Sein Stirnrunzeln löst sich auf, dafür setzt er sich auf seine Hinterläufe und verschränkt die vorderen vor seiner mächtigen, beschuppten Drachenbrust, während er mit seinem Drachenschwanz für Stabilität beim Sitzen sorgt. Selbstredend, dass er in dieser Postion noch dominanter ist. Aus gewagter Höhe blickt er auf mich hinab. Um weiter in seine Augen schauen zu können, muss ich meinen Kopf bis zum Anschlag in den Nacken legen. „Mann, rück schon raus mit der Sprache und mach’ hier keinen auf ‚Lass-uns-mal-klein-Ka-einschüchern!‘. Ich hasse es, wenn du das tust.“
„Darum tu’ ich es ja, Winzling!

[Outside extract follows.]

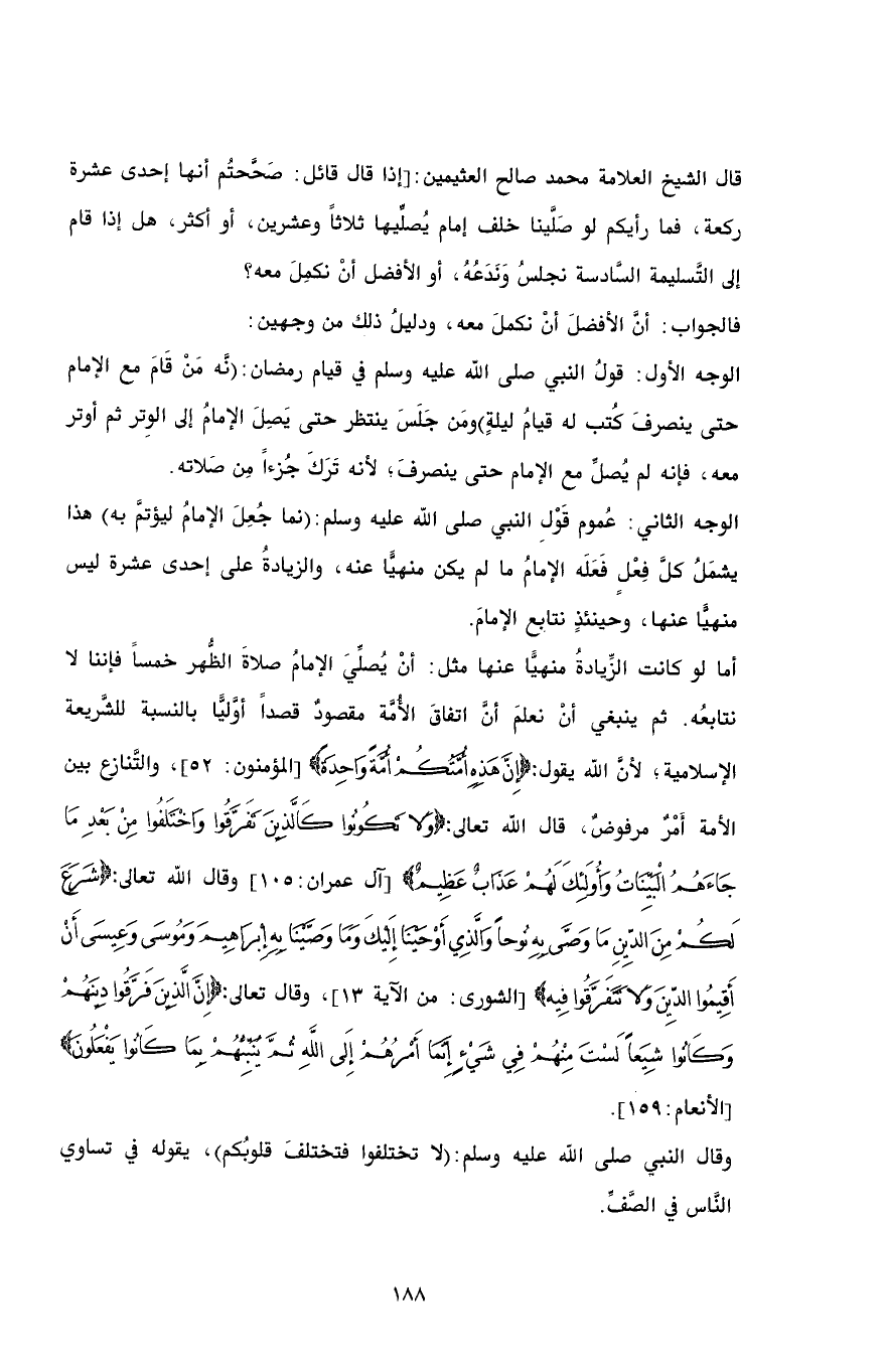 أما لو كانت الزِّيادةُ منهيًّا عنها مثل: أنْ يُصلِّيَ الإمامُ صلاةَ الظُّهر خمساً فإننا لا نتابعُه. ثم ينبغي أنْ نعلمَ أنَّ اتفاقَ الأُمَّة مقصودٌ قصداً أوَّليًّا بالنسبة للشَّريعة الإسلامية؛ لأنَّ الله يقول: {إِنَّ هَذِهِ أُمَّتُكُمْ أُمَّةً وَاحِدَةً} [المؤمنون: 52]، والتَّنازع بين الأمة أَمْرٌ مرفوضٌ، قال الله تعالى: {وَلا تَكُونُوا كَالَّذِينَ تَفَرَّقُوا وَاخْتَلَفُوا مِنْ بَعْدِ مَا جَاءَهُمُ الْبَيِّنَاتُ وَأُولَئِكَ لَهُمْ عَذَابٌ عَظِيمٌ} [آل عمران:105] وقال الله تعالى: {شَرَعَ لَكُمْ مِنَ الدِّينِ مَا وَصَّى بِهِ نُوحاً وَالَّذِي أَوْحَيْنَا إِلَيْكَ وَمَا وَصَّيْنَا بِهِ إِبْرَاهِيمَ وَمُوسَى وَعِيسَى أَنْ أَقِيمُوا الدِّينَ وَلا تَتَفَرَّقُوا فِيه} [الشورى: من الآية 13]، وقال تعالى: {إِنَّ الَّذِينَ فَرَّقُوا دِينَهُمْ وَكَانُوا شِيَعاً لَسْتَ مِنْهُمْ فِي شَيْءٍ إِنَّمَا أَمْرُهُمْ إِلَى اللَّهِ ثُمَّ يُنَبِّئُهُمْ بِمَا كَانُوا يَفْعَلُونَ} [الأنعام:159].

In Zukunft achte darauf, dass die Kerzen aus sind, wenn du deine Wohlfühl-Atmosphäre verlässt“, sein Mund verzieht sich zu einem ironischen Lächeln, so dass seine spitzen Zähne hervor blitzen.
Anstatt das Weite zu suchen, weil er einen auf testosterongesteuerte Zicke macht, drücke ich die Brust raus und stemme meine Hände in die Hüften. „Was ist nun, willst du mir den Marsch weiter blasen, nur weil ich einmal schusselig war?“
„Einmal??? Keine Kerzen mehr in der Bibliothek, Ka!“, presst Hektor hervor.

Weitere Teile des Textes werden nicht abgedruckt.